* **Listed entries**:

▬▬▬▬▬▬▬▬▬▬

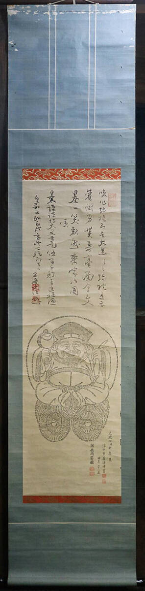 - sg78) 岡熊嶽 熊岳岡嬰図 浮田重善謹拝書「南無阿弥陀仏 六字名号 大黒天御影」文政七年1824 江戸時代<墨絵仏画 大黒天図 南画文人画
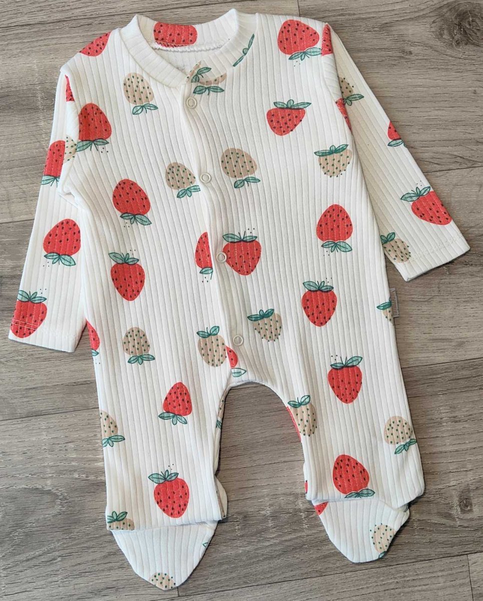 Человечек «Клубника» белый, девочка 0-3-6 месяцев оптом уп. - 3 шт.
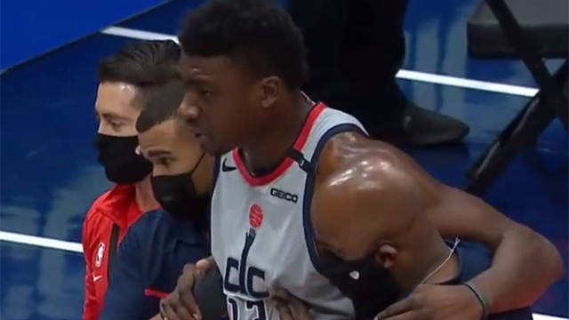 其中布莱恩特是在奇才不敌热火的比赛中,首节还剩10分07秒时,因抢篮板落地不慎90度崴脚,当时的他左腿已经无法承重,倒地手扶左膝伤处表情痛苦,后来直接被工作人员搀扶离场。
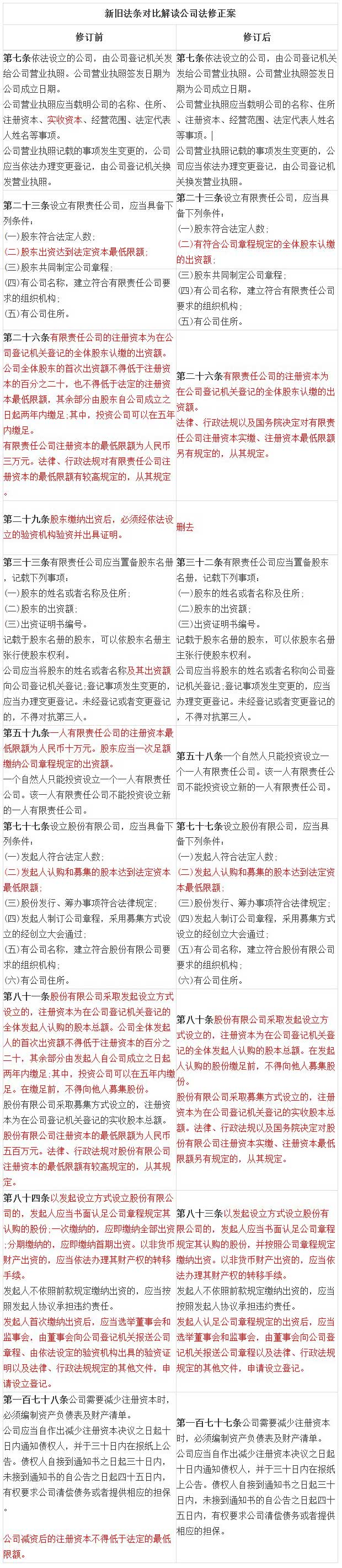 除對公司注冊資本最低限額有另行規定的以外,取消了有限責任公司、一人有限責任公司、股份有限公司最低注冊資本分別應達3萬元、10萬元、500萬元的限制;不再限制公司設立時股東(發起人)的首次出資比例以及貨幣出資比例。
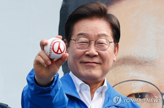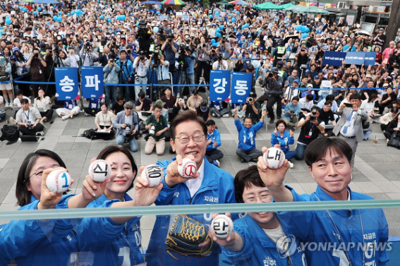 | ▲ 서울 송파구 잠실종합운동장 광장에서 열린 강동구·송파구 집중 유세에서 기표 모양이 그려진 야구공을 들고 있는 더불어민주당 이재명 대선 후보. 2025.5.29 (사진=연합뉴스) |
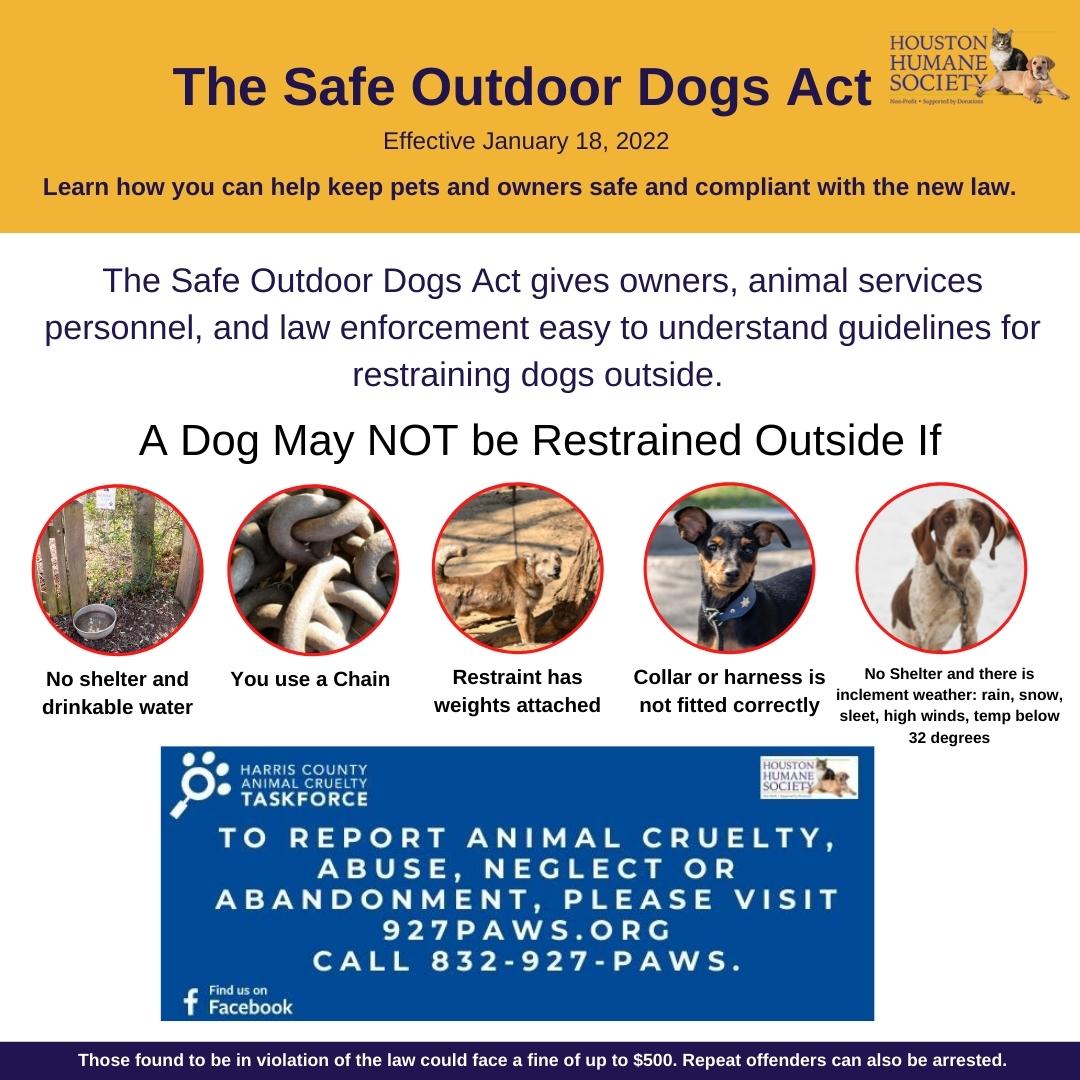 In 2021, the Texas Legislature passed SB 5 - the Safe Outdoor Dogs Act - to protect unattended dogs restrained outdoors.

▬▬▬▬▬▬▬▬▬▬

* **Problem statement**: The expected output is the whole listing, word for word, minus its pictures.

* **Finished exercise**:
 - sg78) 岡熊嶽 熊岳岡嬰図 浮田重善謹拝書「南無阿弥陀仏 六字名号 大黒天御影」文政七年1824 江戸時代<墨絵仏画 大黒天図 南画文人画
 Человечек «Клубника» белый, девочка 0-3-6 месяцев оптом уп. - 3 шт.
 其中布莱恩特是在奇才不敌热火的比赛中,首节还剩10分07秒时,因抢篮板落地不慎90度崴脚,当时的他左腿已经无法承重,倒地手扶左膝伤处表情痛苦,后来直接被工作人员搀扶离场。
 除對公司注冊資本最低限額有另行規定的以外,取消了有限責任公司、一人有限責任公司、股份有限公司最低注冊資本分別應達3萬元、10萬元、500萬元的限制;不再限制公司設立時股東(發起人)的首次出資比例以及貨幣出資比例。
 | ▲ 서울 송파구 잠실종합운동장 광장에서 열린 강동구·송파구 집중 유세에서 기표 모양이 그려진 야구공을 들고 있는 더불어민주당 이재명 대선 후보. 2025.5.29 (사진=연합뉴스) |
 In 2021, the Texas Legislature passed SB 5 - the Safe Outdoor Dogs Act - to protect unattended dogs restrained outdoors.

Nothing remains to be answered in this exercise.